Canarian pines are amazing. For one thing, they regularly survive forest fires. They can burn for six hours without dying. We had major forest fires in 1994, and for months afterwards my workday commute to and from the observatory passed through the burnt area. It was like a sick parody of winter, with no leaves on the trees, no undergrowth, and dirty-white ash on the ground. It stank of wet bonfire. Then the autumn rains came and within weeks the forest floor had an emerald carpet of new bracken. Soon after that, the trees grew new needles straight out of the trunk. A year later, and the only way to tell where the fire had been was to look closely at the trees. The bark is irregularly cracked, like a giraffe's neck, and you can still find soot deep in the cracks.

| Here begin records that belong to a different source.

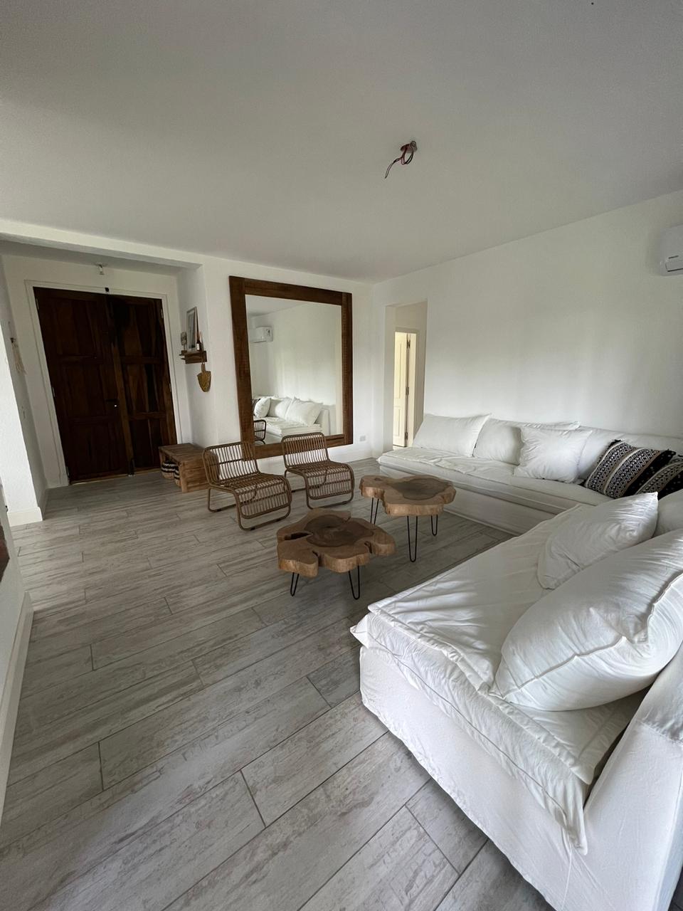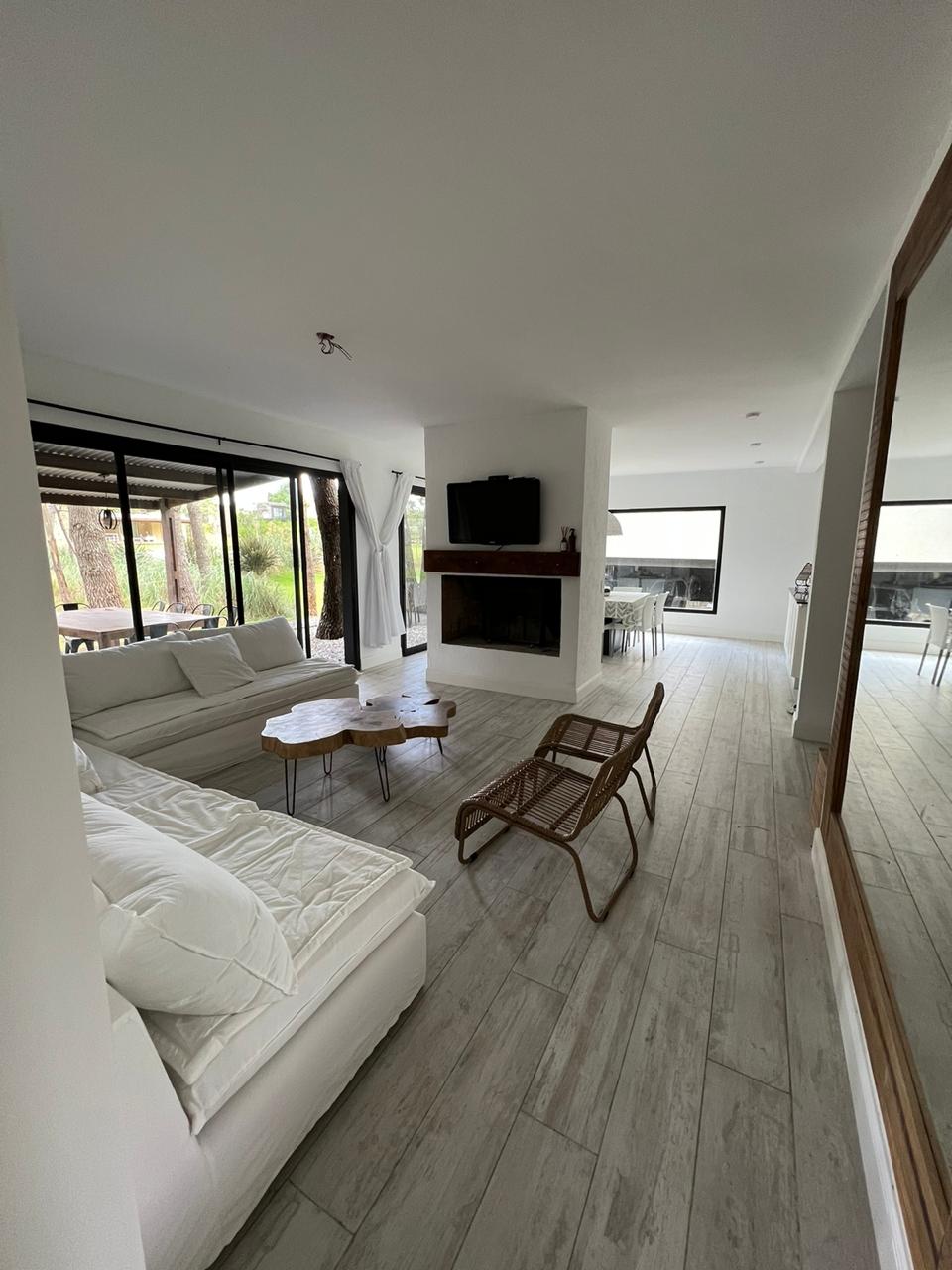 Living, comedor, cocina abierta.
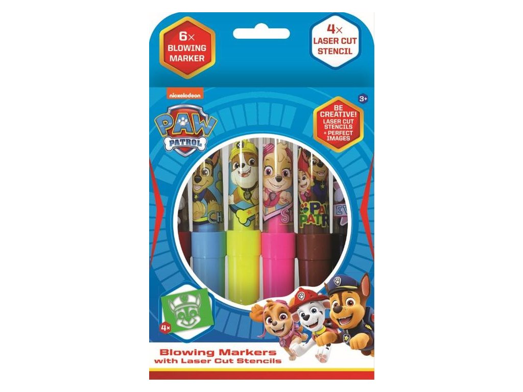 Balení obsahuje 6 barevných foukacích fixů a 4 barevné papírové šablonky v oblíbených pohádkových motivech s Paw Patrol / Tlapkovou patrolou.
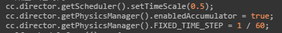 试试修改physicManager的FIXED_TIME_STEP属性,如果默认是1/60,那1/30应该是二倍速
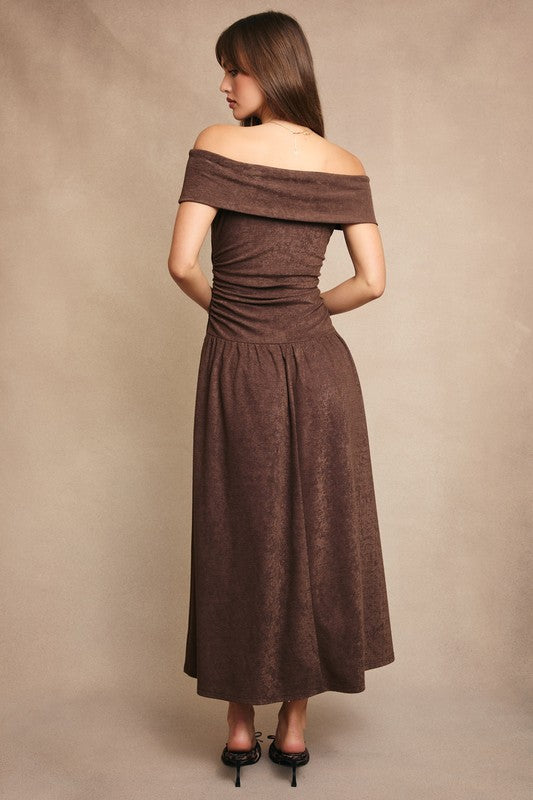Elevate your wardrobe with the Loral Low Waist Dress, crafted from soft knit fabric in a rich brown shade. Featuring an elegant off-shoulder design and a flattering low waist silhouette, this midi-length dress exudes timeless sophistication. Perfect for refined occasions or stylish everyday wear, it effortlessly combines comfort with polished style.
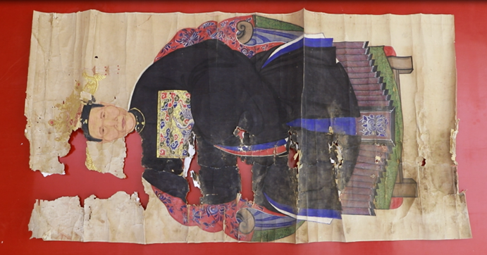 两件需要修复的画像为仙居县溪港乡塘弄村王氏家族所藏清代画像,因年代久远加保存不当,画像出现了霉烂、糟朽、絮化、脆化、掉色、断裂、虫蚀等病害,已不适合长期保存与展示,故需进行紧急修复。画幅装裱形式为传统手工纸镶绫边,均伴有大面积糟朽及缺失,两幅画像天头画赞处均大面积缺失,仅存右边一半,画幅有多处折痕及贯穿伤,因保存不当受潮后大面积滋生霉菌,颜料极易剥落,在前期的保存过程中背后有使用过大面积化工胶水及多层A4纸叠粘,整个修复过程难度较大。
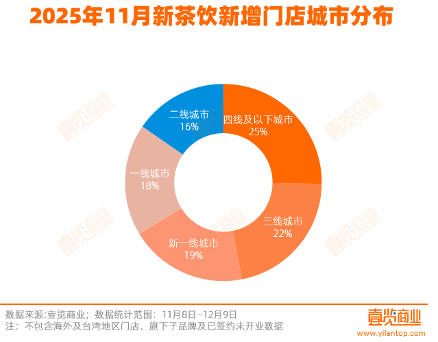 从新增门店的城市分布来看,新茶饮的门店增长重心在下沉市场,其中四线及以下城市11月新增806家门店,占当月新增门店的四分之一;三线城市表现同样强劲,新增693家门店,占比21.72%;二线城市新增占比最少,为15.39%。
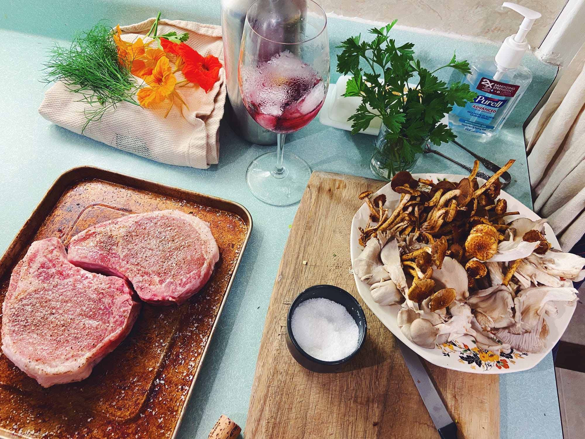 Let’s make it pork chops. Ditch the brothy vibe, keep the peas. Sounds good. “We picked and ate all the peas last night,” my friend said. Okay, pivot again. We found beautiful chestnut mushrooms from Moorit Hill that look like teeny chanterelles but taste like shiitake. Okay, but that’s feeling wintry. Pivot. Let’s cook the mushrooms in the pork fat rendered from the chops, add vinegar and herbs and make the whole thing more salad-y. That’s right, another salad. Love it. ABP. Always Be Pivoting.
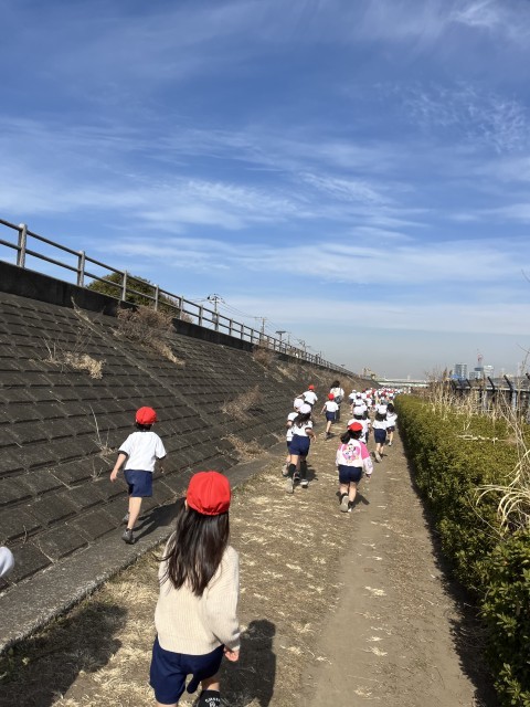 今日は、先生が先頭で走ってみました。来週は、本番と同じように走ってみます。土手のコースを走るのはとっても気持ちが良かったです。本番に向けてあと少し頑張りましょう!
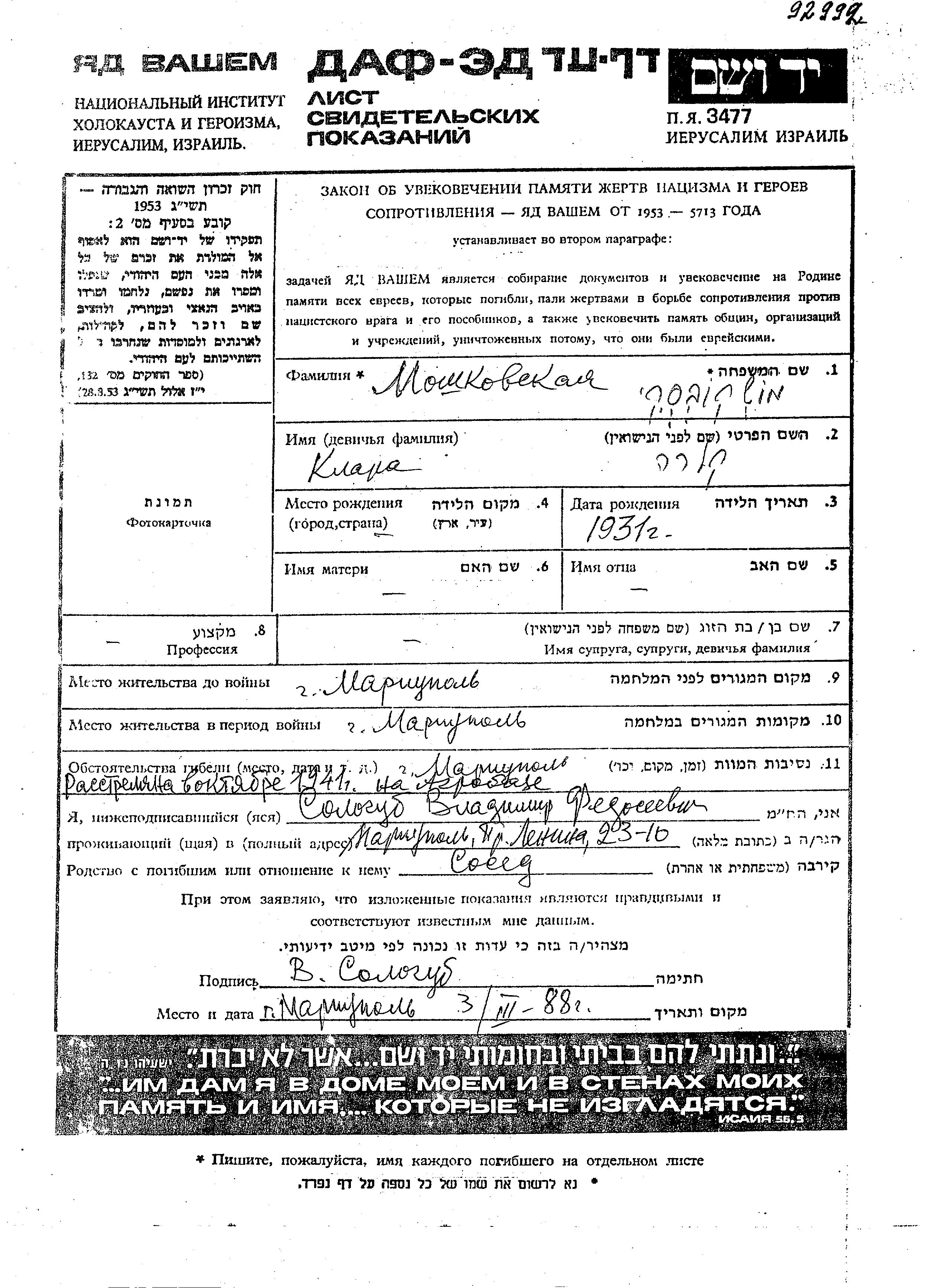 Moshkovski Klara 1931 Mariupol, Ukraine (URSS) Feuille de témoignage
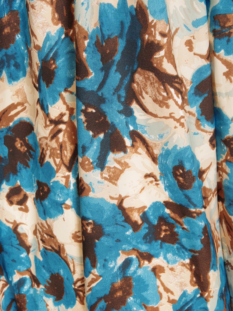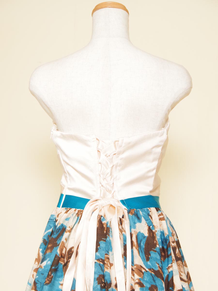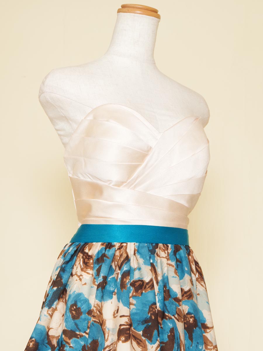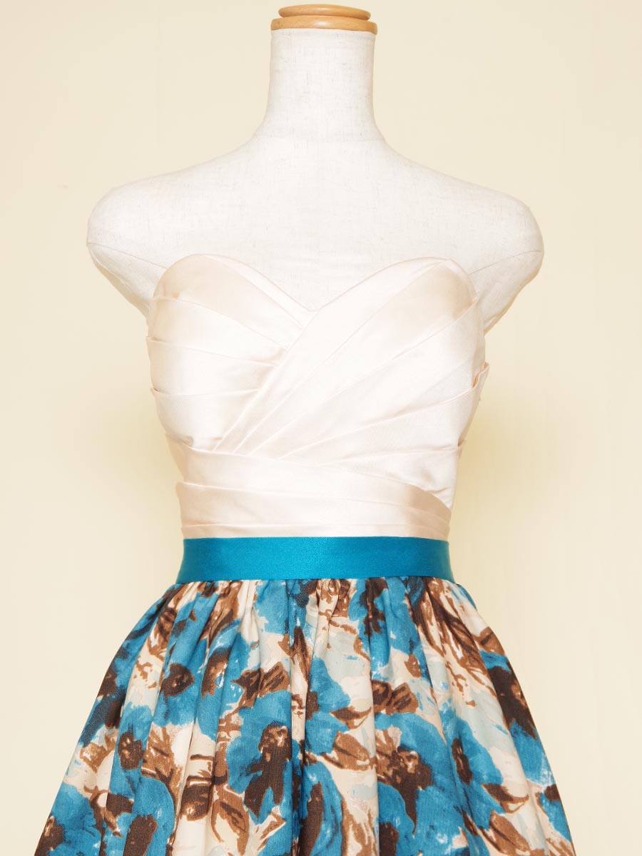 爽やかな印象のブルーの花柄デザインスカートを採用した、可愛らしさ溢れる演奏会ボリュームドレス。

For another thing, the pine needles create much of the island's water supply. The pines grow at an altitude where they frequently sit in the clouds, and the needles evolved to condense out water droplets so that they drip onto the ground above the tree's roots. Depending on which source you believe, a bucket under a pine tree will collect five to twenty times as much water as one out in the open. Maybe it depends on the exact temperature and relative humidity in the cloud.

Certainly the climate of Gran Canaria has been much drier since they cut down the forest.